Between one and two in ten cancers are "HER2 positive", where HER2 is the name of a receptor. However, overexposure of this receptor gives cancer cells an advantage. It therefore also represents a therapeutic target of choice. A recent clinical trial demonstrates the interest of a treatment combining a therapeutic antibody and a cytotoxic molecule.
Breast cancer is the deadliest type of cancer in women . In addition, it is the most frequently diagnosed cancer in the world since 2021, a first. Research is continuing, in particular to better detect, diagnose and treat this disease, in particular by means of artificial intelligence.
However, between 10 and 20% of breast cancer cases are HER2+. This means that malignant cells have an abnormal number of HER2 receptors on their surface, which are activated by growth factors. For cancer, this is an undeniable asset, because it allows it to multiply and resist cell death (apoptosis). In addition, malignant cells ensure their supply of oxygen and nutrients with the help of numerous blood vessels.
Although they represent an asset for cancer, HER2 receptors also embody an important therapeutic target . It must be said that the search for overexposure to this receptor is systematic in women with breast cancer. Limiting the growth and multiplication of malignant cells can thus involve blocking the activation of HER2 receptors. This type of breast cancer thus benefits from atwo-level care strategy :the first is a monoclonal antibody that binds to HER2, blocking its activation, the second is a cytotoxic chemical molecule.

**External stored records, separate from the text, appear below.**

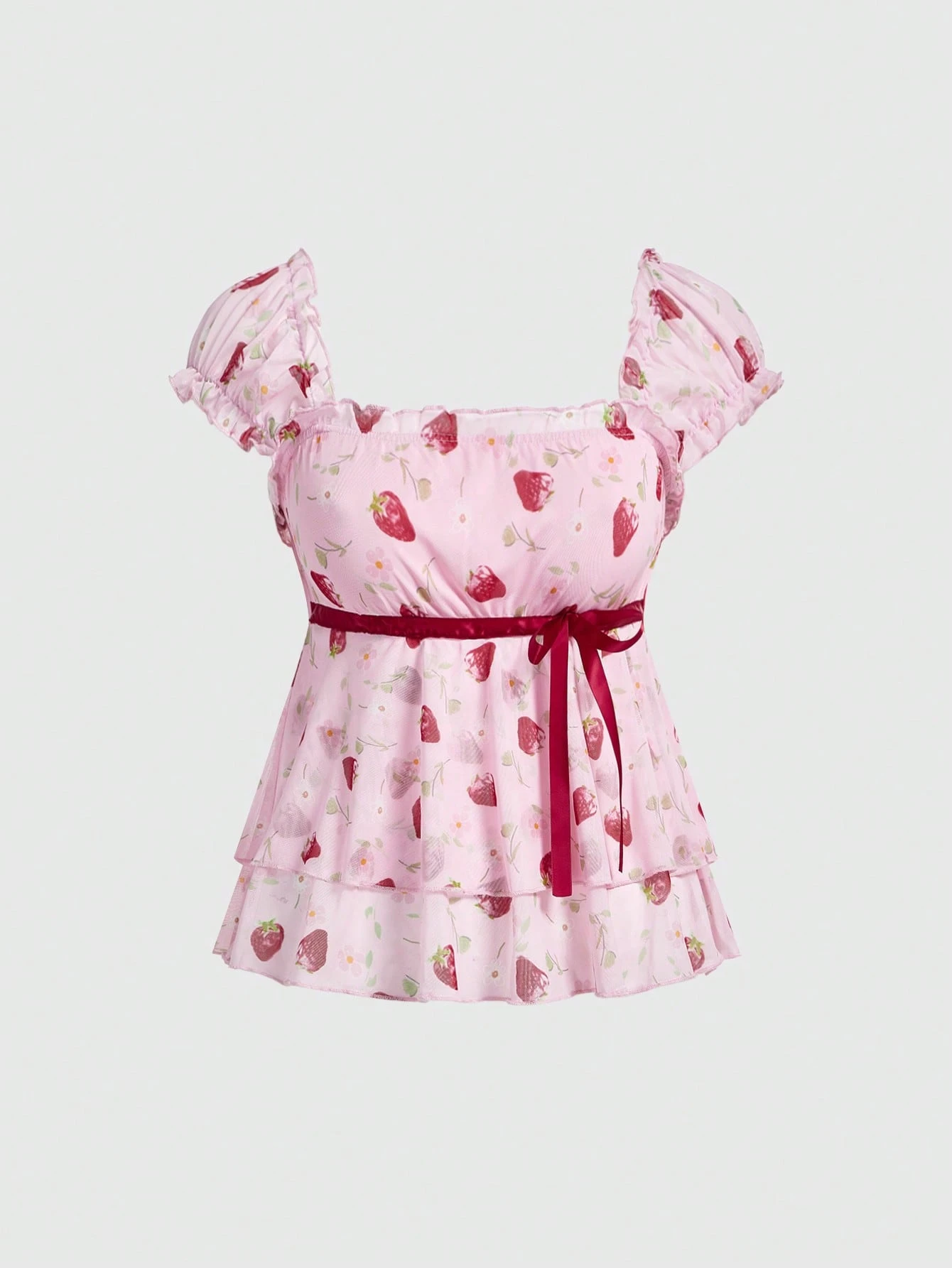 Kawaii Camiseta de mujer con cuello cuadrado, mangas abullonadas, lazo y estampado de fresa
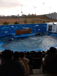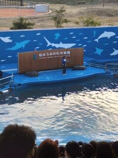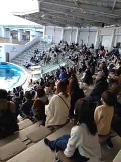 本日最後の見学先、うみの杜水族館でショーを見た後、館内をグループごとに見学しています。
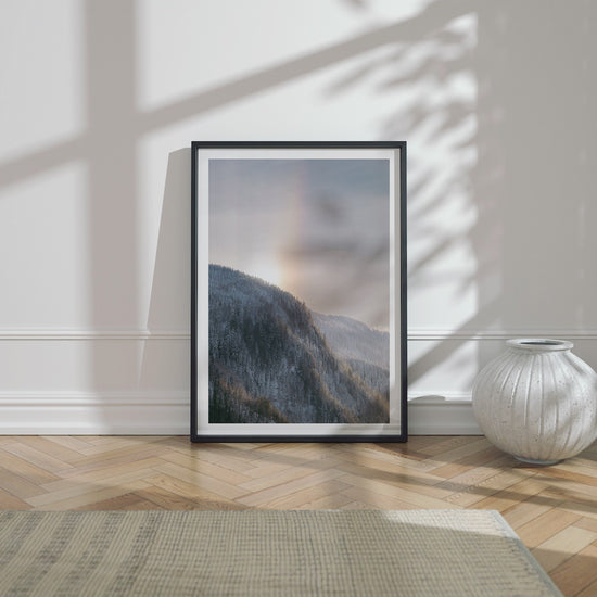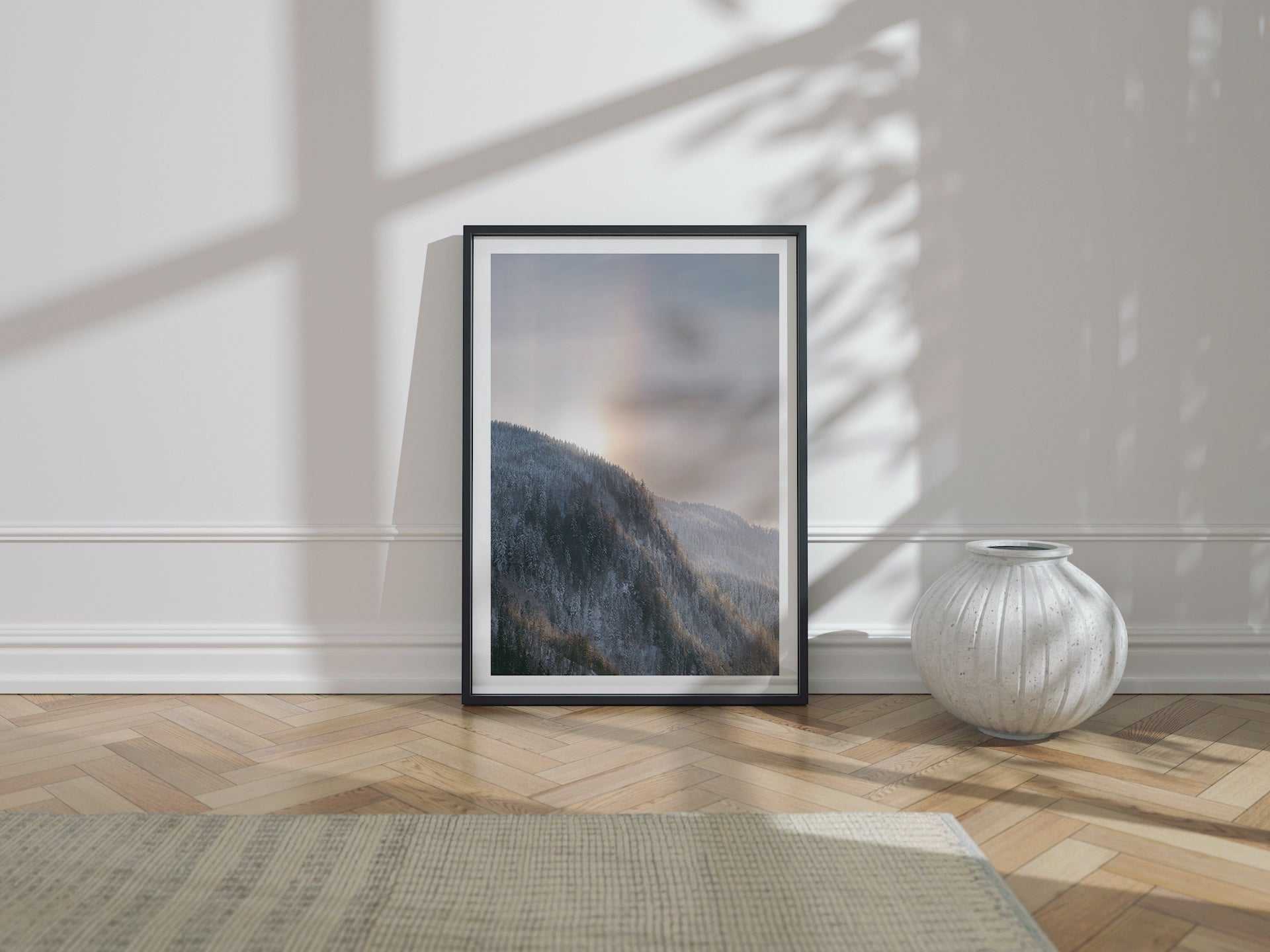 Frames: Available in black, white and natural wood finish. The images found on our product page are mockups. Each natural wood frame will differ slightly in the color and grain pattern. Each frame is handcrafted with a sheet of UV-blocking acrylic glass and comes fully assembled and ready to hang by wire on your wall.
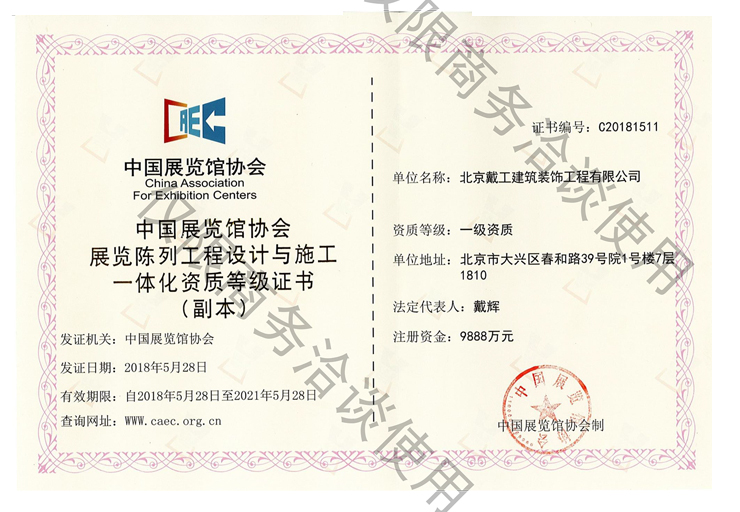 戴工集團現(xiàn)為中國建筑裝飾協(xié)會、中國室內(nèi)裝飾協(xié)會、北京市建筑業(yè)聯(lián)合會會員、北京室內(nèi)裝飾副會長單位、北京市建筑裝飾協(xié)會的理事會員單位,誠信五星級單位、質(zhì)量AAA級單位。
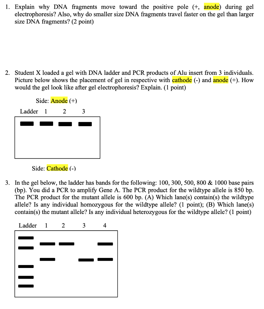 Solved 1 Explain Why Dna Fragments Move Toward The Positive Chegg Com
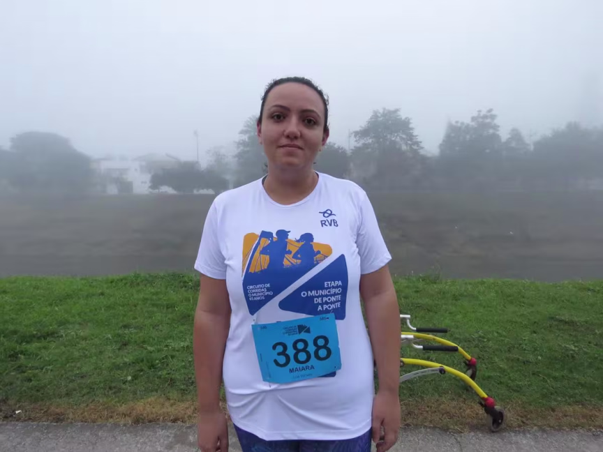 Bruna já adianta: "que bom que são três provas porque vamos participar de todas". Ela destaca a organização e qualidade dos materiais distribuídos aos participantes.
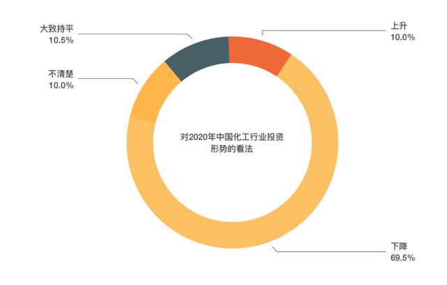 受疫情影响,中国石化产业正面临下游需求全面下滑的局面,石化行业的投资预计将不会持续增长,很多受访企业表示目前不宜大规模投资。受访者中有10.5%的人认为石化行业投资将与上年大致持平,有10%的人认为投资将比上年增加,比认为投资将下降的(69.5%)比重少59个百分点。(见图5)
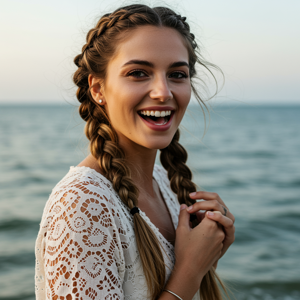A bohemian woman with intricately braided hair stands by the ocean, exuding natural charm. Her bright eyes hold an intense gaze and her joyful face is captured in a candid, dynamic moment. The soft, natural light enhances her enchanting presence as the sea breeze gently plays with her hair.
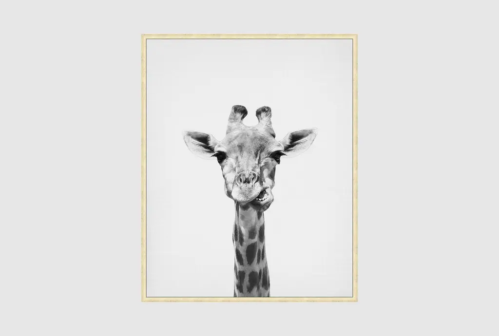 Add a touch of rustic charm to your space with the 42X52 Giraffe With Black Frame. This striking piece of framed art features a captivating black and white photograph of a giraffe, making it a perfect addition to any kids' room. The vertical orientation and large size ensure it will be a standout focal point on any wall.
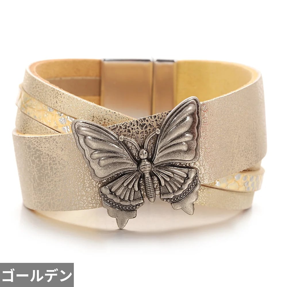 ビンテージ メタル 蝶 バタフライ 昆虫 インセクト 装飾 レザー ブレスレット レディース メンズ シンプル クロス ラップ 幅 バングル チャーム ジュエリー
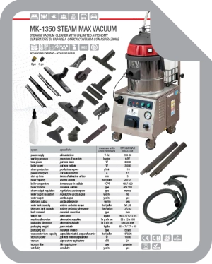 MK-1350 Steam Max Vacuum združuje suho paro in odsesavanje, zato je podprto čiščenje in sušenje površin v enem postopku. Delovanje poteka pri tlaku 6 bar, temperatura v kotlu doseže 165 °C, proizvodnja pare je 110 gramov na minuto.
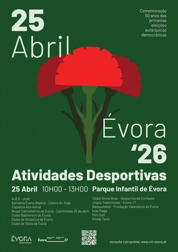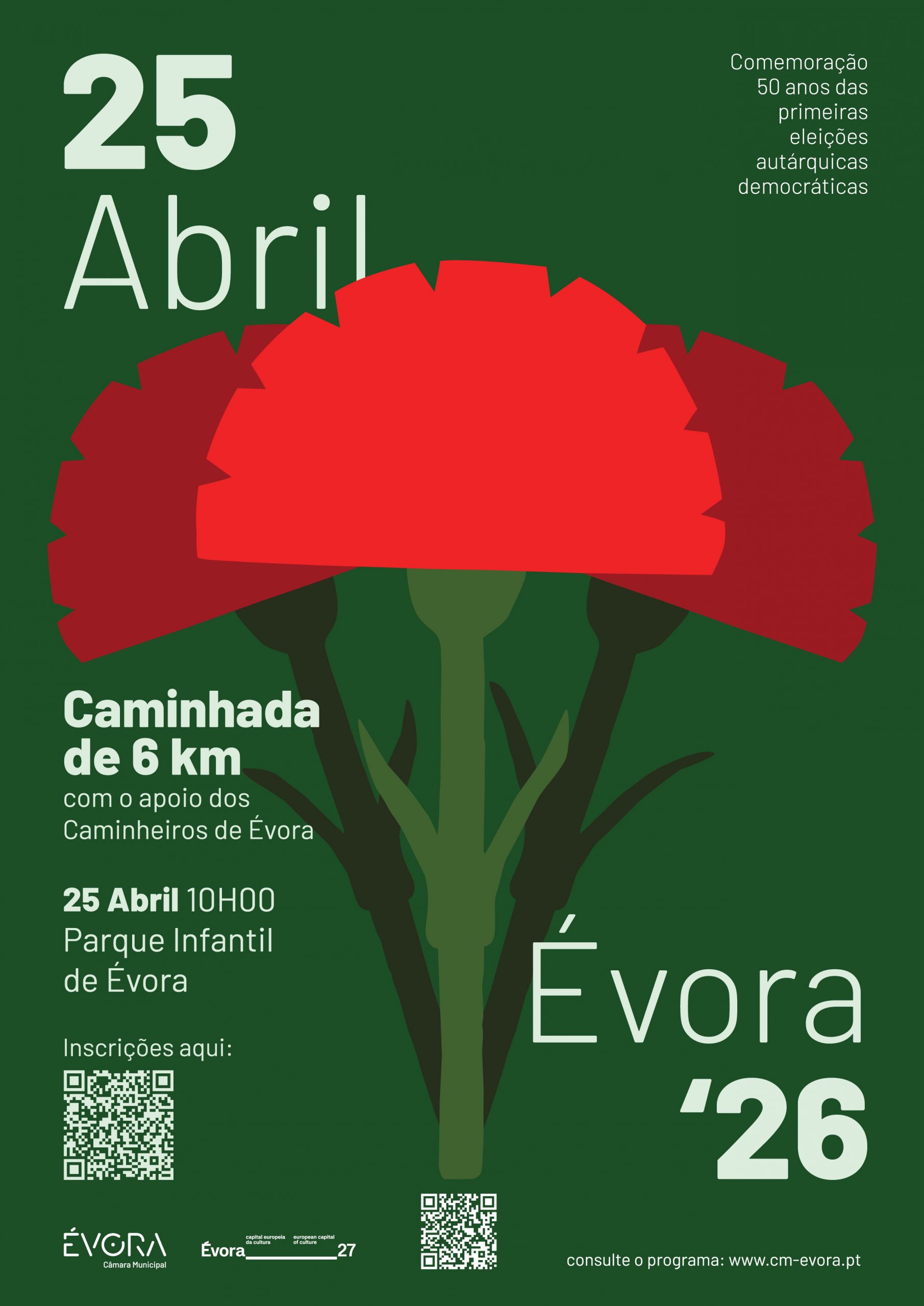Todos os anos, o Município de Évora promove um conjunto de iniciativas destinadas a assinalar e celebrar o dia 25 de abril, data de elevado significado histórico para Portugal. Estas comemorações visam homenagear os valores da liberdade, da democracia e da cidadania, envolvendo a comunidade em momentos de reflexão, cultura e convívio.
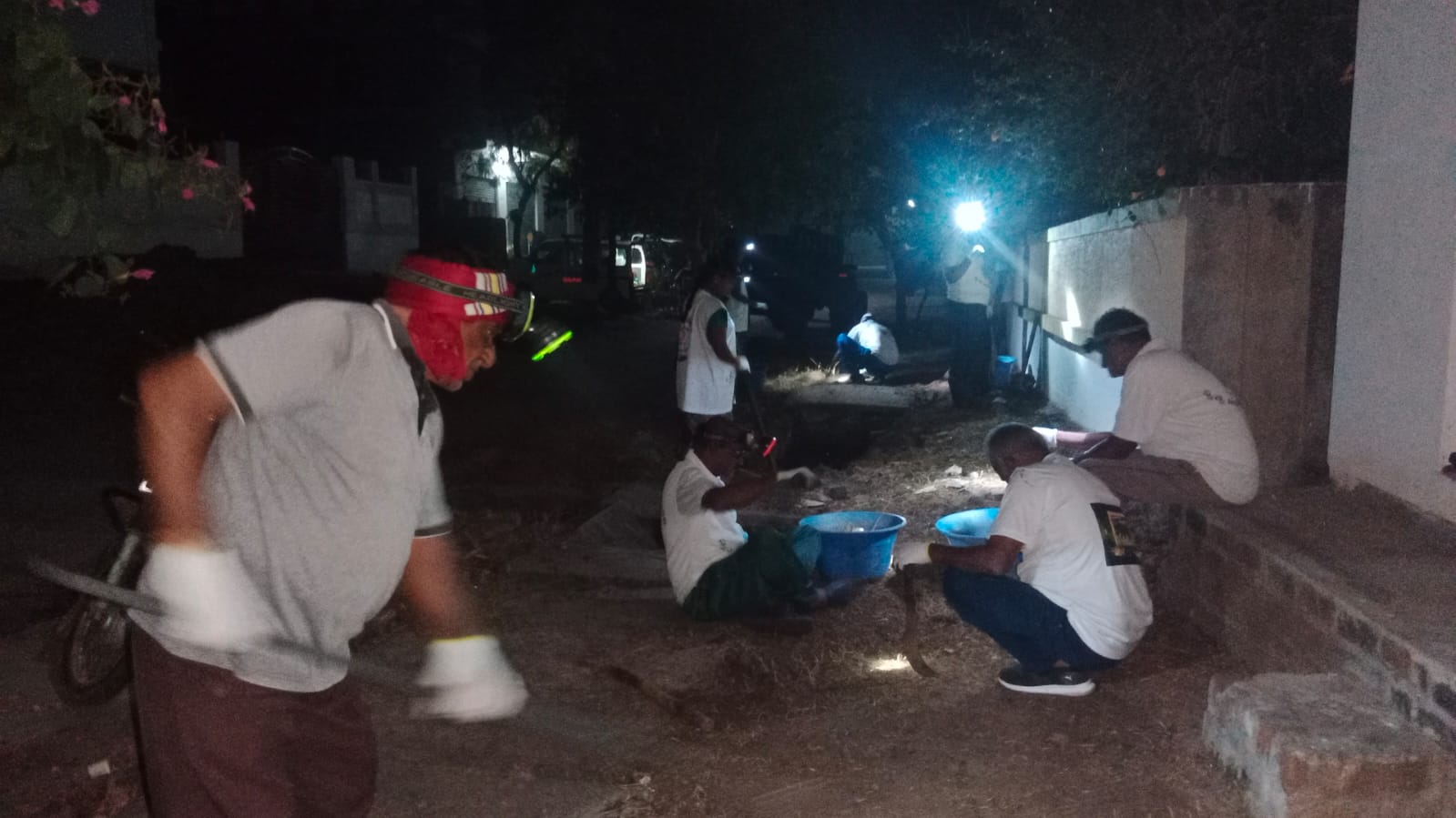 10-12-24 నాటి శ్రమోత్సాహం 4:19 కే మొదలై, 6:27 కు గాని తగ్గలేదు! అంటే 2 గంటల 8 నిముషాల వ్యవధన్నమాట! నేటి 33 గ్గురి శ్రమ సంఘటనా స్థలి బైపాస్ వీధిలో వడ్లమర మొదలు ప్రభుత్వ విద్యార్ధినుల వసతి గృహ పర్యంతం!

Among the combinations available on the market , we find in the first line the monoclonal antibody trastuzumab (Herceptin) and a cytotoxic molecule. In case of disappointing results, trastuzumab is then combined with emtansine, a molecule capable of inhibiting the assembly of microtubules representing a central element of the cytoskeleton. Still in the absence of convincing results, trastuzumab is then combined with deruxtecan. It is a molecule capable of interfering with topoisomerase, an enzyme interacting with DNA.
Published in the New England Journal of Medicine on March 24, 2022, the results of the phase 3 clinical trial Destiny-Breast03 allowed to re-evaluate the trastuzumab-deruxtecan combination . The aim was to determine whether this treatment could be repositioned as a second line, rather than a very last resort, before the trastuzumab-emtansine combination. According to the results, the trastuzumab-deruxtecan treatment allows asignificant increase in survival in female patients.
On 524 participants Randomly divided into two groups, 75% of patients who received trastuzumab-deruxtecane benefited from a progression-free survival of the disease at twelve months. However, this same rate was only 38% in the case of trastuzumab-emtansine, the usual second-choice treatment. In addition, the trastuzumab-deruxtecane combination confers better overall survival.
On the other hand, treatment with trastuzumab-deruxtecane unfortunately causes many side effects . The overwhelming majority of patients observed the onset of lung diseases and infections. Despite this negative point, the trastuzumab-deruxtecane combination actually increases patient survival while reducing the risk of progression HER2+ breast cancer.